Dive Brief:
- The Texas Permanent School Fund is adopting an “ESG skeptical” proxy voting matrix which pushes back on ESG resolutions put forward during annual shareholder meetings, the fund announced Monday.
- The new matrix — offered through Institutional Shareholder Services, the fund’s external proxy voting manager — will take effect immediately and be used to cast votes on behalf of the fund during the first half of the year, according to Texas PSF. The matrix was established “in response to widespread criticism” that ISS’s voting policies supported too many ESG shareholder resolutions, the fund said in the release.
- Texas PSF, which manages over $53 billion in assets and distributes nearly $2.2 billion to Texas K-12 schools annually, said it was among the first to adopt the matrix, which provides specific proxy voting guidance. The new strategy is now poised to impact the 40,000-50,000 proxy votes the fund casts every year.
Dive Insight:
In addition to offering the proxy voting matrix, ISS will also produce a report for the Texas PSF Corporation so it can conduct an annual review to ensure that the fund’s proxy votes comply with the matrix. The organization is a “special-purpose” governmental corporation — an entity that serves limited functions like public transportation or water and sewer services — created in 2021 that oversees the managing and investing of assets in the fund.

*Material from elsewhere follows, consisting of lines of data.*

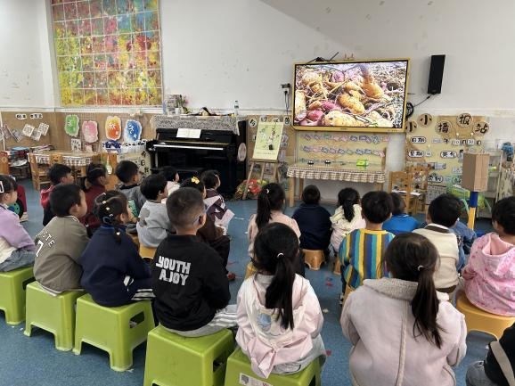 在活动开始前,通过生动有趣的图片、视频,向小朋友们了解了红薯的生长过程、品种以及营养价值。
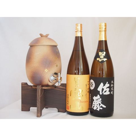 信楽焼・明山窯 焼酎サーバー 火色金小紋 2200cc(滋賀県)芋焼酎2本セット 西酒造 富乃宝山1800ml 佐藤黒1800ml(鹿児島)
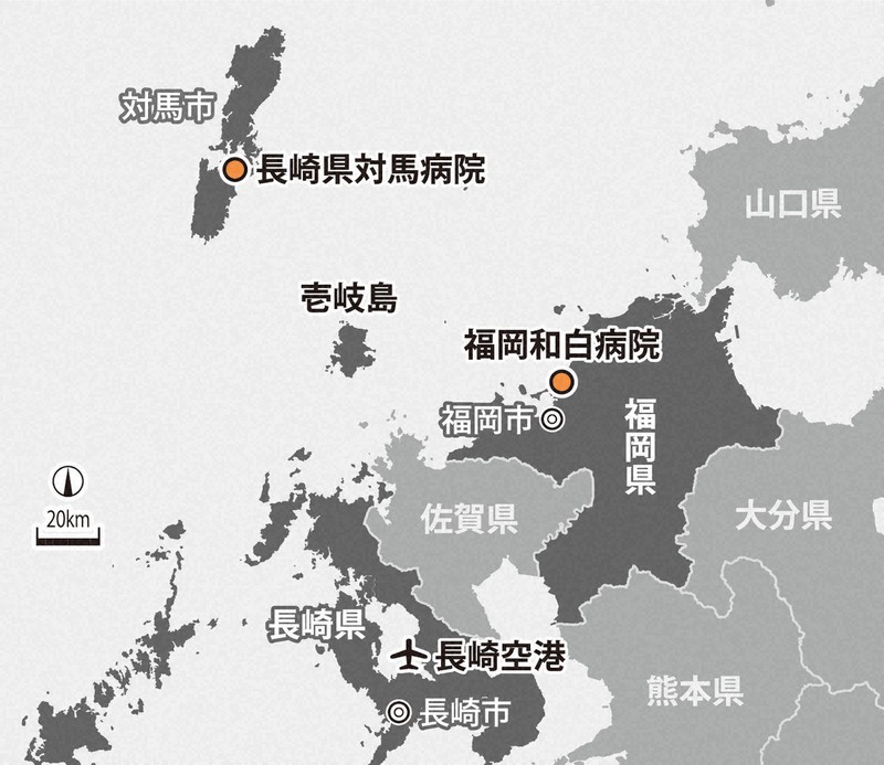 対馬市は長崎県の自治体ながら、生活圏としてはフェリーなどで結ばれる福岡と関係性が深い。和白病院では08年に民間として医療搬送用ヘリを独自に導入し、対馬や壱岐から患者を搬送。国と都道府県の負担で運営するドクターヘリが主に重症患者に対応するのに比べると柔軟な運用ができ、23年度は長崎県対馬病院からのヘリ搬送のうち約半数の23件を担った。
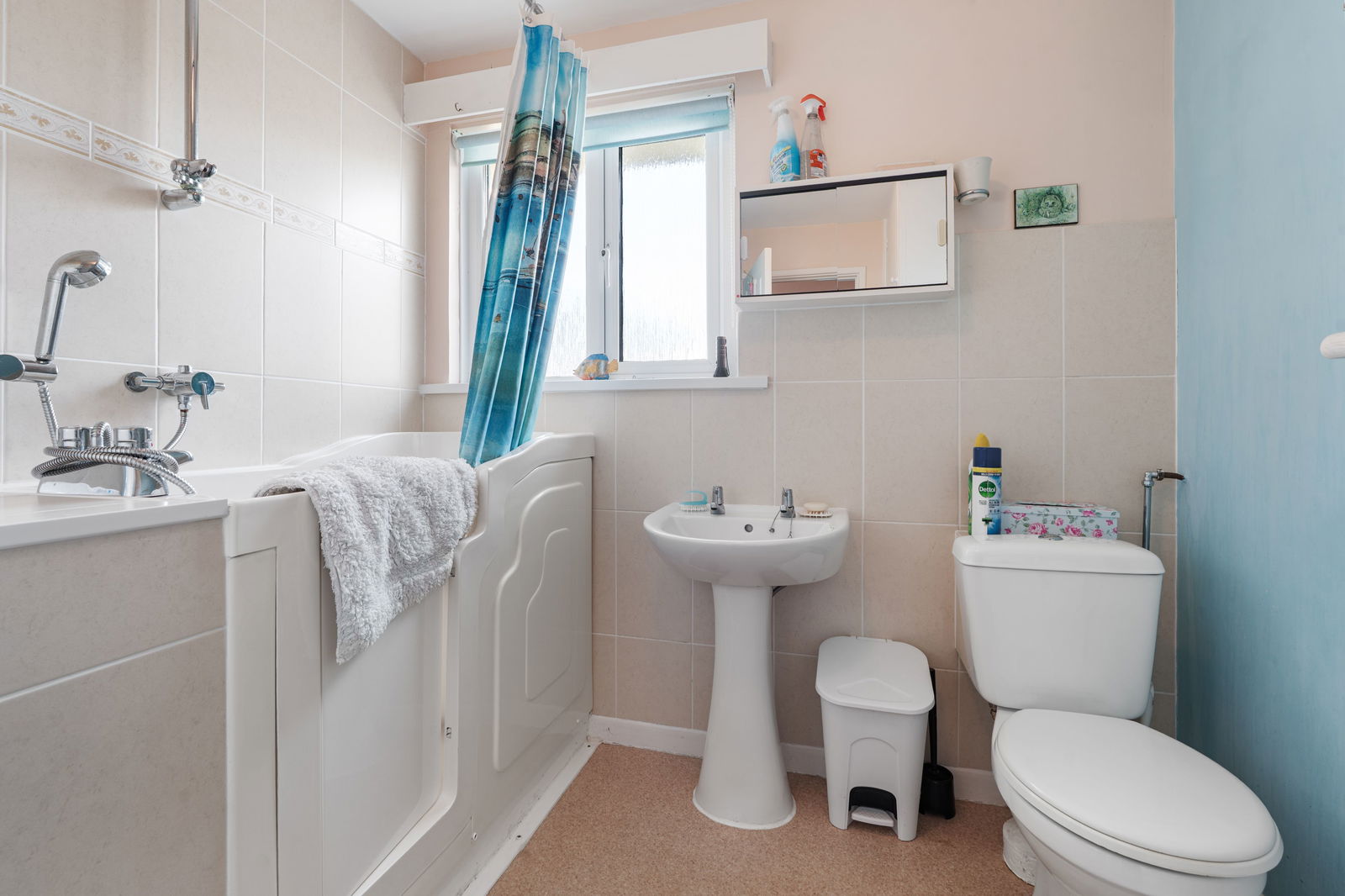 With disabled bath/shower and fully tiled surround. Low level W.C.. Wash hand basin. Window to rear. Built-in airing cupboard with lagged tank and shelving over.
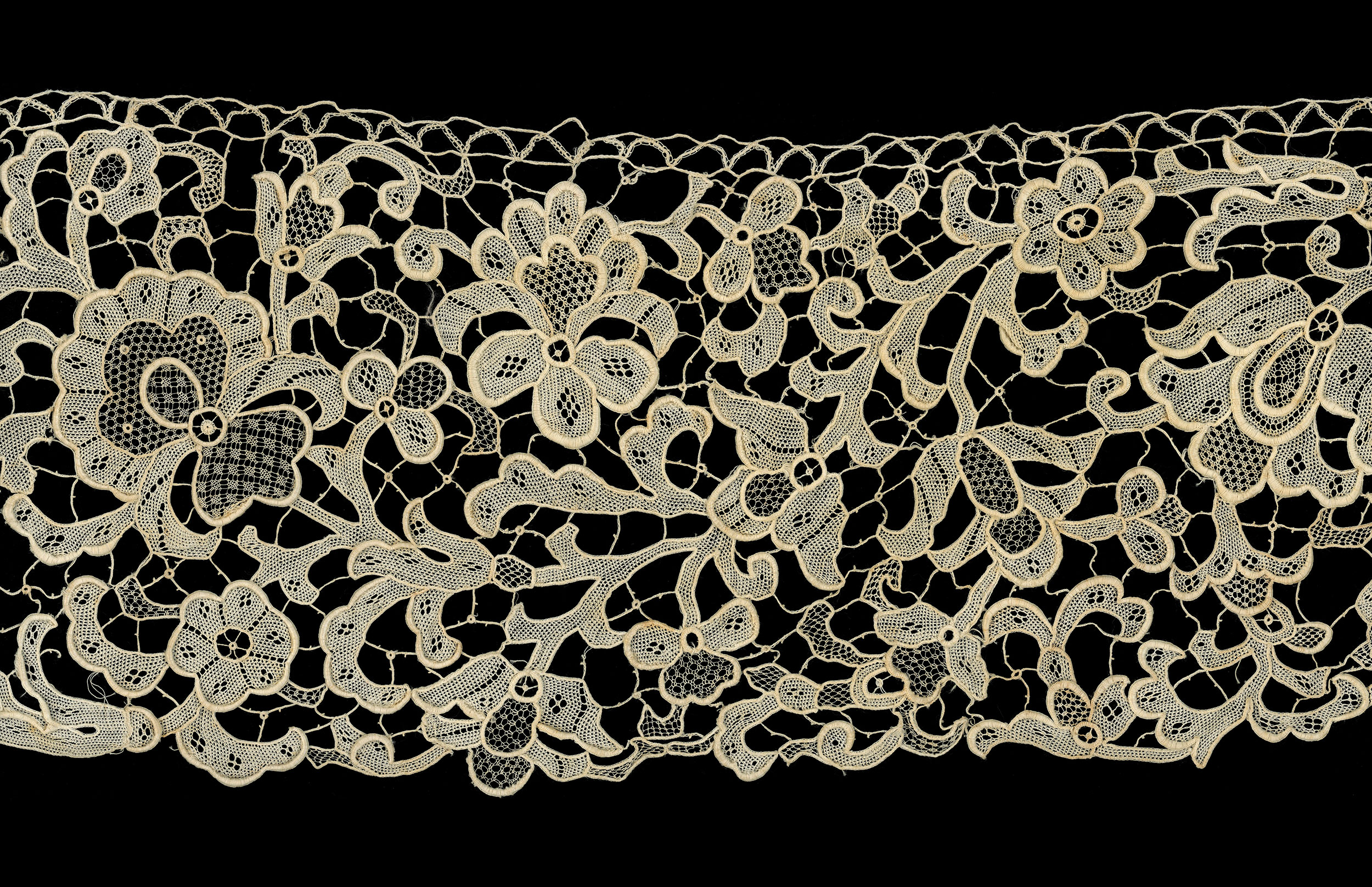 5.5" x 42.5" A Belgian border of "Venise" needlelace. Belgian indicators include the Point de Gaze stitch used for some fillings, and the upper border has brides outlined with 1.5 twist stich, often found in Point de Gaze. The patterned filing stitches appear to have been made with a thinner thread. Cordonnet is well sculpted.
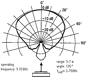 Signal amplitudes are inverse proportional to the square of the distance to the antenna and directly proportional to the size of the surface of the moving body. (6) The detection range for these devices is limited to 5 – 7meters, somewhat smaller than in case of the quadrada setup. Noise limits the range of the unit. Since we want the device to operate in real time, there is no way to resolve signals below or around the inherent noise level of the devices. The polar sensitivity, according the the datasheet, shows an opening angle of 60° (within -3dB). The polar diagram below conforms to our measurements in july 2004.
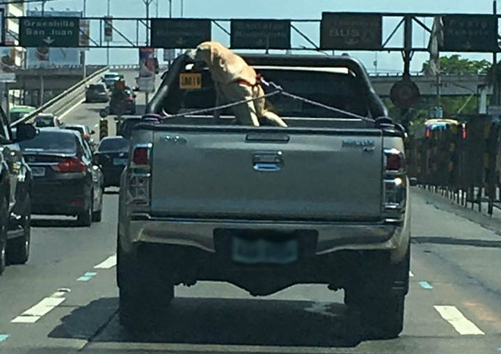 A Facebook post that shows a poor Labrador leashed on the back of a Ford pick up truck travelling along EDSA-Ortigas in the middle of the day has gone viral.
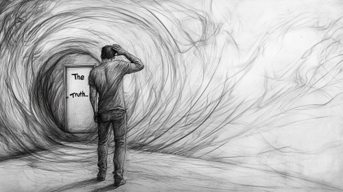A rough, chaotic pencil sketch with unsettling, mysterious, spiritual, chaotic pencil lines, depicting a figure walking away from a door labeled as "The Truth." The figure is covering their eyes with one hand, as if deliberately avoiding seeing what lies behind them. The lines are jagged and abstract, creating a sense of tension and denial. The background features swirling, chaotic patterns that suggest a complex and hidden reality. The overall image is intentionally rough and sketch-like, capturing the eerie and unsettling nature of avoiding the truth, with an atmosphere that feels both mysterious and foreboding. --c 8 --ar 16:9 --v 6.1

“ESG efforts have targeted Texas’ oil and gas economy, the very industry that generates the revenues that make the PSF an essential resource for Texas public schools,” Aaron Kinsey, the chairman of the state’s board of education and the corporation’s strategic planning and policy committee, said in the release. “We are making sure our votes are not cast in a way that is incompatible with our fiduciary duty to Texas.”
The matrix’s implementation comes shortly after Texas PSF pulled its $8.5 billion investment from BlackRock last month. The fund attributed the divestment to the asset manager’s alleged boycotting of fossil fuel and energy companies and said it terminated its two investment management services contracts to comply with Senate Bill 13.
SB13, a Texas law which passed in 2021, requires governmental organizations in the Lone Star State to stop doing business with companies that take actions to “limit commercial relations” with fossil fuel companies.
Though the fund’s press release did not mention the specific proxy voting guidelines that come under the matrix, the announcement was applauded by both Texas PSF Chair Tom Maynard and Texas Land Commissioner Dawn Buckingham, also a Texas PSF board member. In separate statements, Maynard and Buckingham each said the policy represents “Texas values,” and will safeguard management of the state’s mineral, oil and gas assets.